* _Recorded data_:
-- -- --
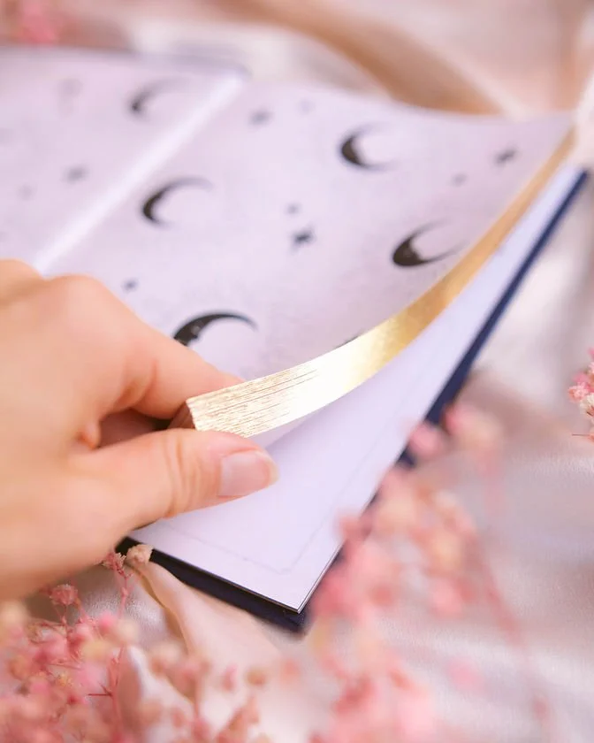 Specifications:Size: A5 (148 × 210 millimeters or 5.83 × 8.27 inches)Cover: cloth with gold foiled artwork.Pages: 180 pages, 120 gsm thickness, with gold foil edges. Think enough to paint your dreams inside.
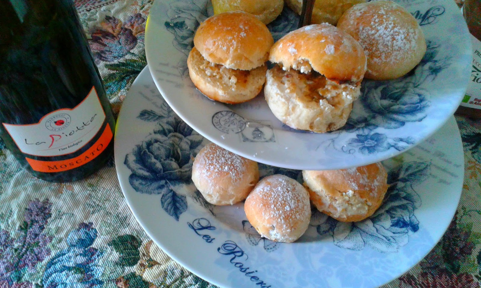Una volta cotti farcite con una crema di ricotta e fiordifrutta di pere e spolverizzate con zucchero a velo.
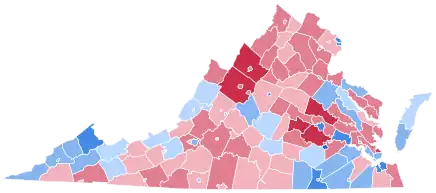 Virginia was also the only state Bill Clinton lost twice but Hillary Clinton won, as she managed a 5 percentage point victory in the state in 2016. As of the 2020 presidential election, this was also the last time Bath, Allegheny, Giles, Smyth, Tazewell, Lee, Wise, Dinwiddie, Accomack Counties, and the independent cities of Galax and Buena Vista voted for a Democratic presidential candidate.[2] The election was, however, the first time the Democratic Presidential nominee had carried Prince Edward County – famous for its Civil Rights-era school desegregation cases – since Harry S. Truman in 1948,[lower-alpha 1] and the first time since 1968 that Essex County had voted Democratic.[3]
-- -- --
* _What you will do_:
While leaving pictures out, reproduce exactly the lines from the beginning of the listing above through the line containing "Una volta cotti", both ends included.

* _Your response_:
 Specifications:Size: A5 (148 × 210 millimeters or 5.83 × 8.27 inches)Cover: cloth with gold foiled artwork.Pages: 180 pages, 120 gsm thickness, with gold foil edges. Think enough to paint your dreams inside.
Una volta cotti farcite con una crema di ricotta e fiordifrutta di pere e spolverizzate con zucchero a velo.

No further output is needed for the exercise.